Part of St. Mark's Square in Venice



Venice near sunset


So there's a story to the above picture. I almost ended up in the Mediterranean trying to take it. I was walking towards the edge of the canal to get the shot and looking in my viewfinder of my camera as I did so...I KNOW I would not have walked into the water, I was aware of where the edge was, however, I was not aware of the puddle of water, on marble, right under both of my feet and when I hit it, BOTH feet shot out from under me...I heard a bunch of gasps behind me, somehow landed on my feet with a bit of a stumble, took my shot, turned around and saw a group of old Italian men grinning and shaking their heads at me. I assured them I wasn't planning on taking a swim and rejoined my friends, who had missed the whole thing and were wondering why I was cracking up. :)

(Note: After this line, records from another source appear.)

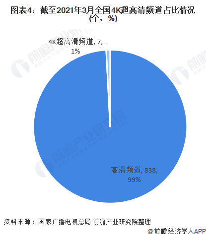 根据国家广播电视总局公布的消息,截至2021年3月底,全国各级播出机构经批准开办高清电视和超高清电视频道845个,其中高清频道838个,4K超高清频道7个,分别为中央广播电视总台、北京台、上海台、广东台、广州台、深圳台、杭州台。未来4K超高清频道数量还有较大的增长空间,带动4K超高清电视终端的发展。
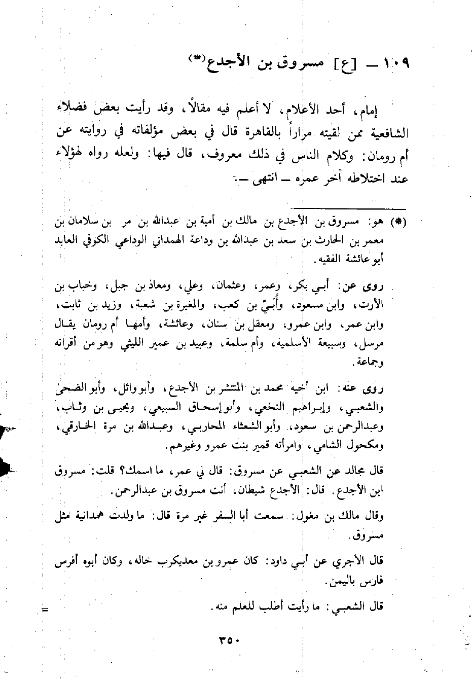 أما ما أورده الحاظ برهان الدين الحلبي عن بعض فضلاء الشافعية أنه ذكر في بعض مؤلفاته روايته عن أم رومان ونسبه فيها إلى الاختلاط وقال: ولعله رواه لهؤلاء عند اختلاطه آخر عمره. فلم يحدد اسم من قال ذلك ولا اسم هذه المؤلفات التي نسب فيها مسروق إلى الاختلاط حتى يمكن الرجوع إليها، ثم إن هذا المشار إليه أنه من فضلاء الشافعية إنما نسبه إلى الاختلاط بصيغة ممرضة لم يقطع فيها بتغيره ووقوعه في الاختلاط، وأيضاً فإن أحداً من الأئمة لم ينسبه إلى الاختلاط فلا عبرة بقول هذا المجهول المخالف لأقوال الأئمة في مسروق، وكان الأحرى بالحافظ برهان الدين الحلبي ألا يذكر مسروقاً فيمن اختلطوا. والله تعالى أعلم.
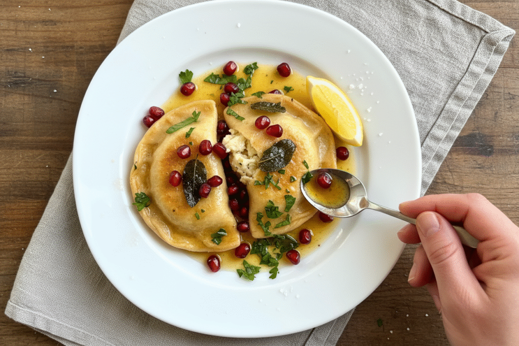 Time to plate! Put your pierogies on a big platter. Spoon that glorious brown butter right over them. Then, scatter the bright red and green gremolata on top. You must eat them right away. The mix of warm, crispy, and fresh is pure joy.
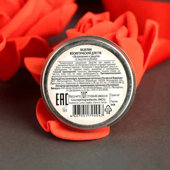 Вазелин косметический для губ "Увлажнение и защита" со вкусом клубники, 10 г — Характеристики
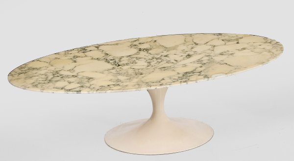 Aluminiumguss, weiß lackiert sowie weißer, grau gemaserter Marmor. Geschweift ansteigender Tulpenfuß als Träger für ovale Deckplatte. Herstellerzeichen. Entw. Eero Saarinen, 1950er Jahre. Altersspuren. H. 38 cm. 134 cm x 90 cm.

Gelato :) I ate a lot of this. A lot. 


Yes, I will admit that I wish my stomach would have behaved a bit better, and I wish I would have been able to eat the food there (alas, gluten!), and I wish Italy sold Mountain Dew Code Red :), but I was blessed with friends who were patient and didn't make me feel bad when I asked to sit down to rest, or made multiple pit stops, or had them looking for a restaurant that had risotto or vegetable soup (the two meals that were definitely gluten free and that my stomach was tolerating). But all those wishes made for some good prayer time with the Lord as I had to work on my attitude. No, I didn't feel like I wanted to, but He still sustained me and allowed me to laugh and to drink delicious Italian coffee and to see amazing sights...and to add a bucketful of good memories to my life. I think I ended up appreciating the trip more than I would have if I had been feeling 100% and for that, I am thankful.